§ Entries shown

------

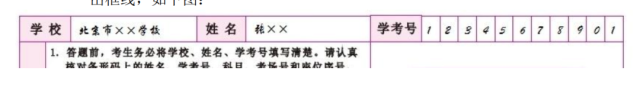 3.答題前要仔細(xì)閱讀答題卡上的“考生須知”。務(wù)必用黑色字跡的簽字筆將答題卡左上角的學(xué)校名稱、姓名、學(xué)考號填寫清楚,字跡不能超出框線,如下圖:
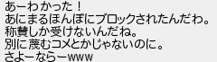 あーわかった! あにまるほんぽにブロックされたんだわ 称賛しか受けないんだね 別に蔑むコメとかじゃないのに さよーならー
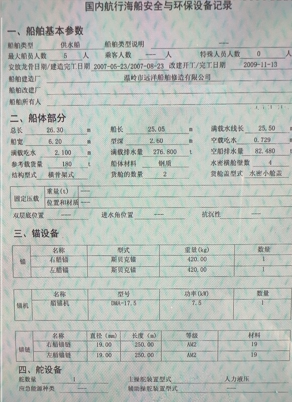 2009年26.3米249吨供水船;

------

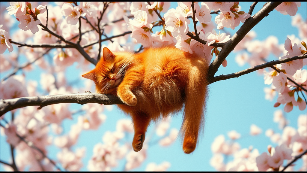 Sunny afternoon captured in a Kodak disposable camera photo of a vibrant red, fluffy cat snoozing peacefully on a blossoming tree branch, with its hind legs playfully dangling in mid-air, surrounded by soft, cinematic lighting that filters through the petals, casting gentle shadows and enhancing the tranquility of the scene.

------

What you need to produce is an exact copy of the entries above, limited to the lines from the one with "3.答題前要仔細(xì)閱讀" up to and including the one with "2009年26.3米249吨供水船;", without pictures.

 3.答題前要仔細(xì)閱讀答題卡上的“考生須知”。務(wù)必用黑色字跡的簽字筆將答題卡左上角的學(xué)校名稱、姓名、學(xué)考號填寫清楚,字跡不能超出框線,如下圖:
 あーわかった! あにまるほんぽにブロックされたんだわ 称賛しか受けないんだね 別に蔑むコメとかじゃないのに さよーならー
 2009年26.3米249吨供水船;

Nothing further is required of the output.